## [Activity]
Repeat the data below in full. Pictures must not be part of the copy.

## [Exercise materials]
*****
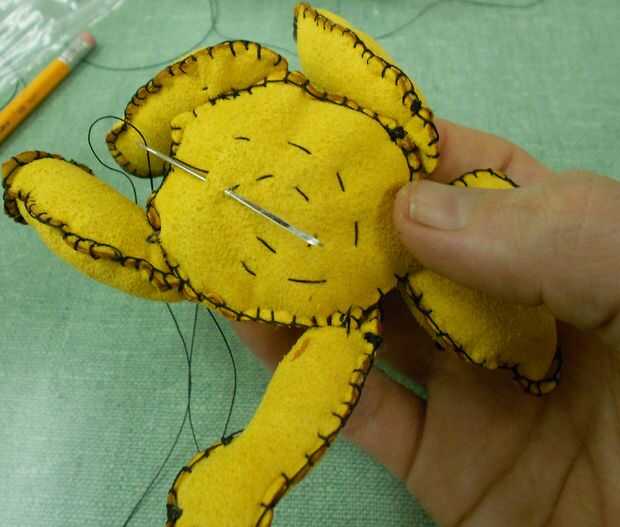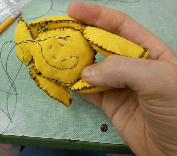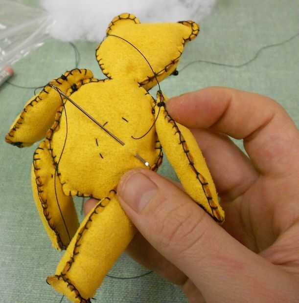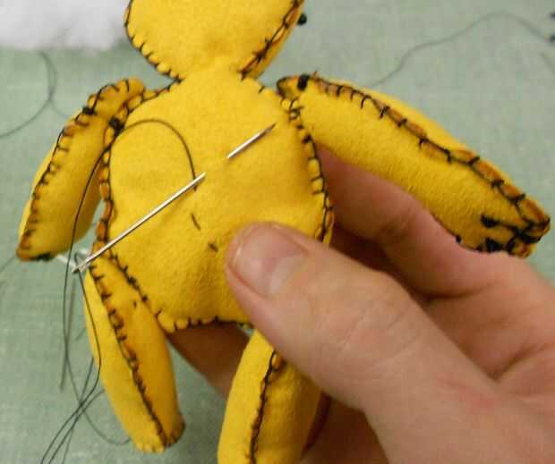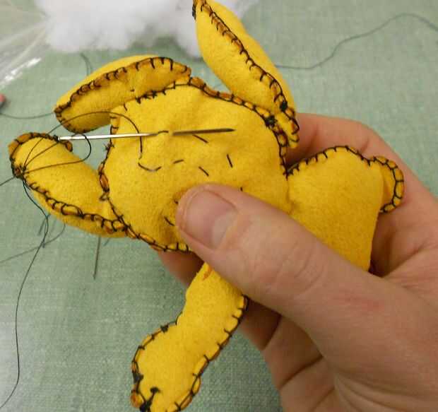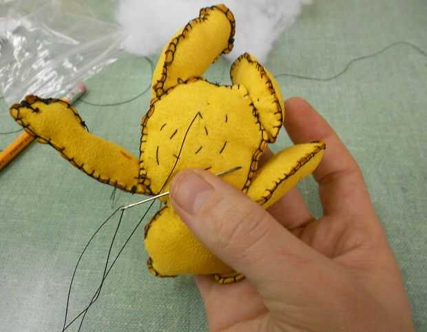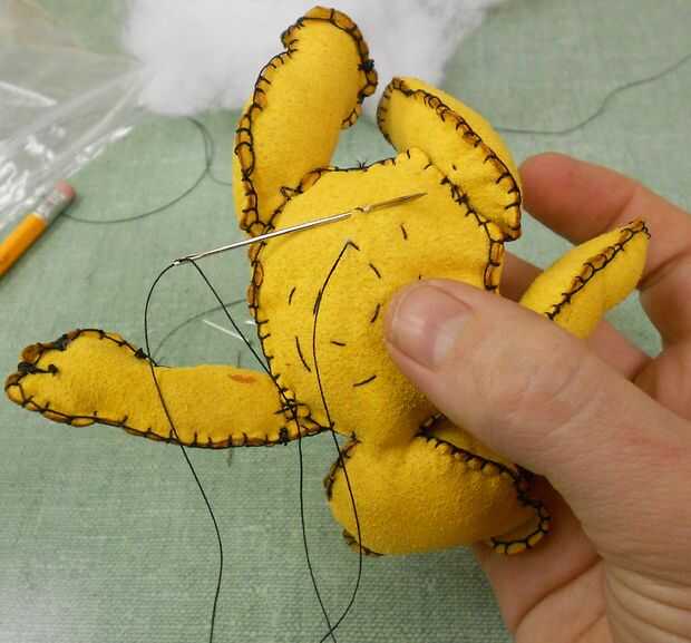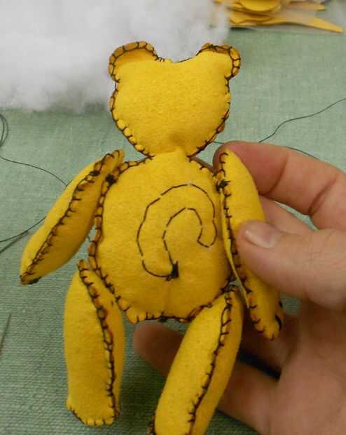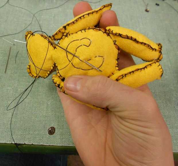 Meter la aguja por la parte posterior, comienza a coser la cola con una puntada simple de funcionamiento. No te preocupes de lo que es perfecto. Cuando regreses a la base de la continua cola, pero esta vez rellene los agujeros en sus puntos de sutura para que la cola se rellena.
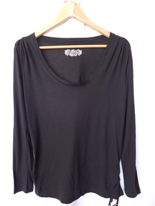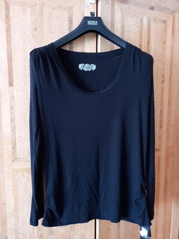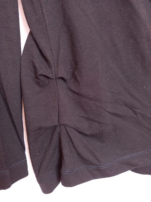 тонка, легка з декольте та довгий рукав ширина грудей 50см ширина талії 44см ширина внизу 51см довжина виробу 70см довжина приблизно від талії до низу 33см, довжина рукава 72см верх рукава прикрашений 6 складками низ прикрашений 4 складками по обох боках кофта насичений чорний
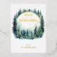 Estas atractivas tarjetas de vacaciones sin foto presentan un marco de círculo de papel de aluminio dorado rodeado de una representación en acuarela de un bosque de pinos invernal sobre un fondo blanco simple. La tipografía elegante de papel de aluminio dorado dice "Deseos de invierno cálido" y la firma en papel de aluminio dorado debajo se puede personalizar según sea necesario.
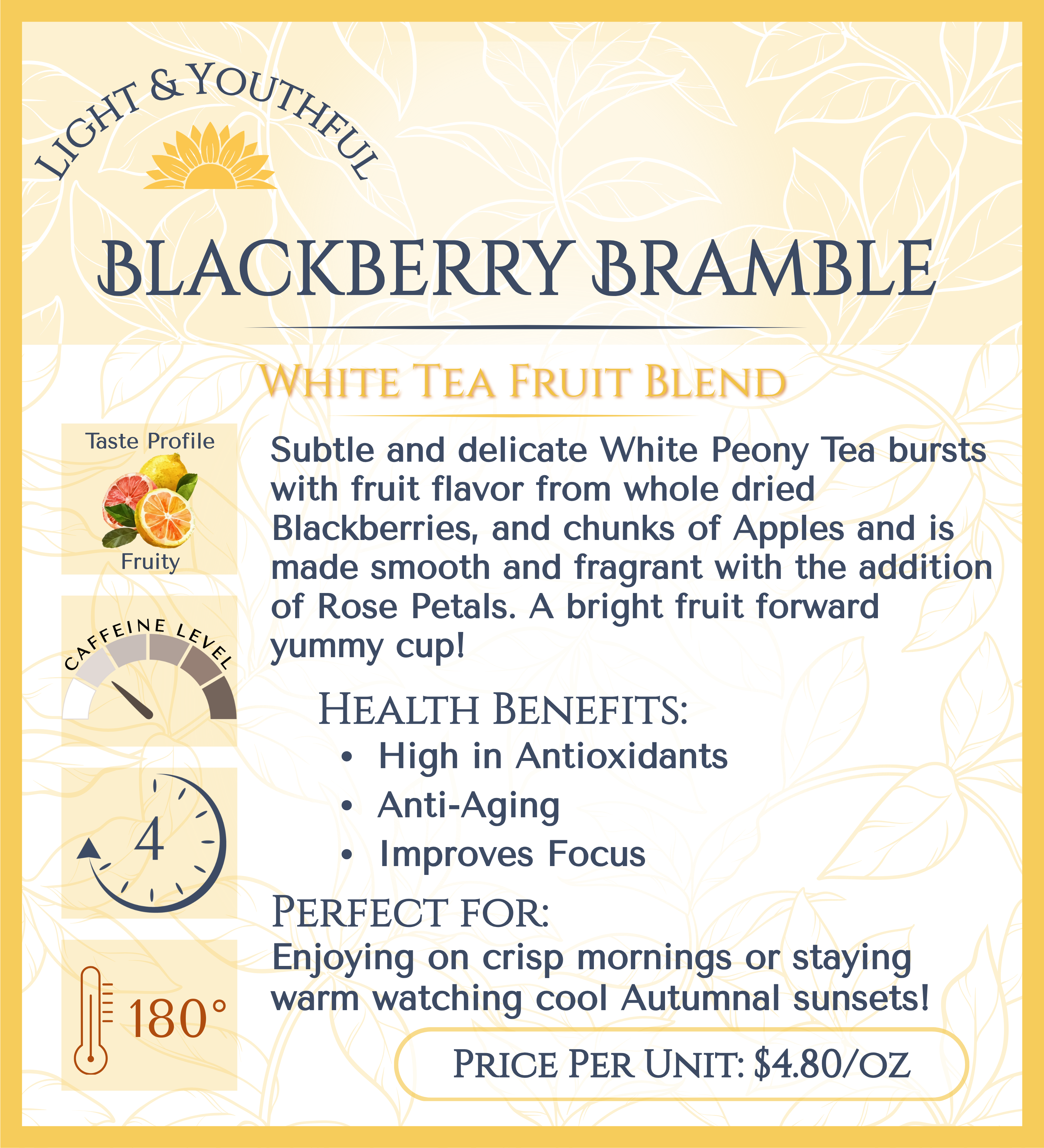 Subtle and delicate White Peony Tea bursts with fruit flavor from whole dried Blackberries, and chunks of Apples and is made smooth and fragrant with the addition of Rose Petals.  A bright fruit forward yummy cup!
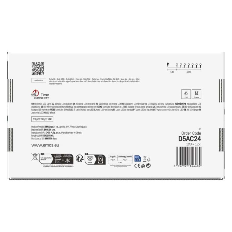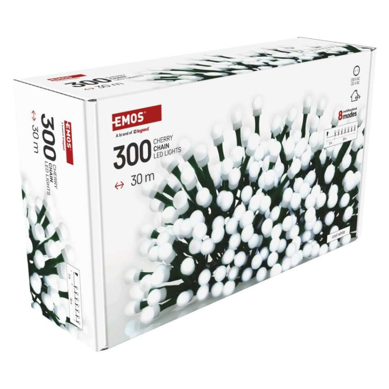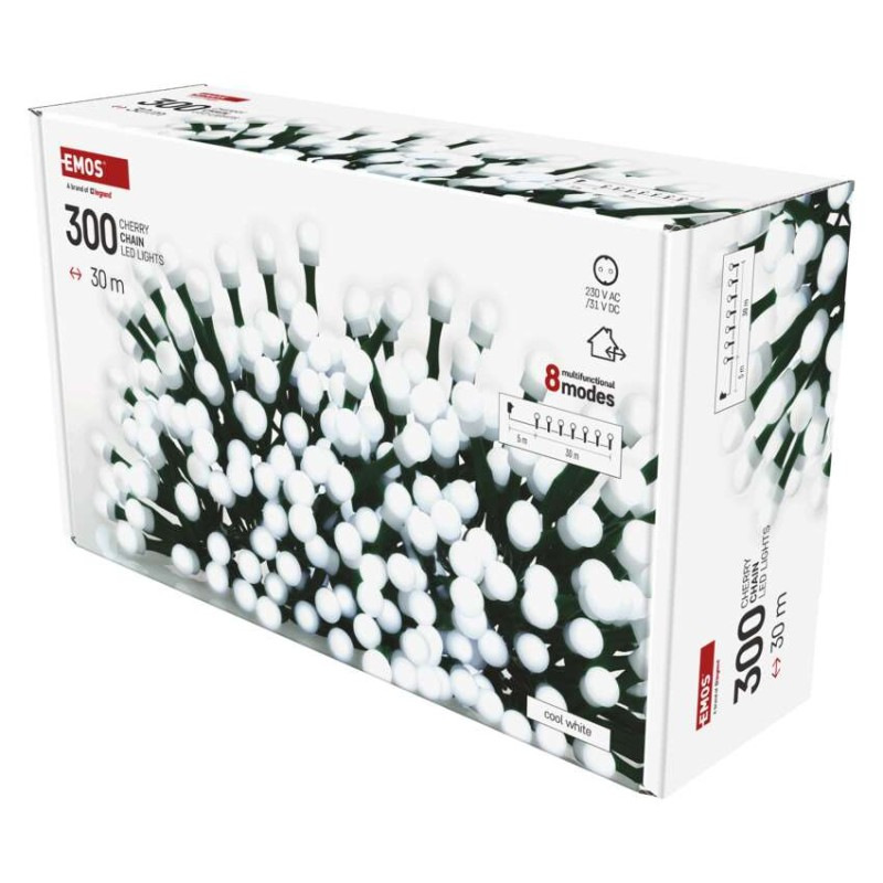 LED vianočná cherry reťaz–guličky, 30 m,vonkajšia aj vnútorná,studená biela, programy, čas
*****
## [Task response]
 Meter la aguja por la parte posterior, comienza a coser la cola con una puntada simple de funcionamiento. No te preocupes de lo que es perfecto. Cuando regreses a la base de la continua cola, pero esta vez rellene los agujeros en sus puntos de sutura para que la cola se rellena.
 тонка, легка з декольте та довгий рукав ширина грудей 50см ширина талії 44см ширина внизу 51см довжина виробу 70см довжина приблизно від талії до низу 33см, довжина рукава 72см верх рукава прикрашений 6 складками низ прикрашений 4 складками по обох боках кофта насичений чорний
 Estas atractivas tarjetas de vacaciones sin foto presentan un marco de círculo de papel de aluminio dorado rodeado de una representación en acuarela de un bosque de pinos invernal sobre un fondo blanco simple. La tipografía elegante de papel de aluminio dorado dice "Deseos de invierno cálido" y la firma en papel de aluminio dorado debajo se puede personalizar según sea necesario.
 Subtle and delicate White Peony Tea bursts with fruit flavor from whole dried Blackberries, and chunks of Apples and is made smooth and fragrant with the addition of Rose Petals.  A bright fruit forward yummy cup!
 LED vianočná cherry reťaz–guličky, 30 m,vonkajšia aj vnútorná,studená biela, programy, čas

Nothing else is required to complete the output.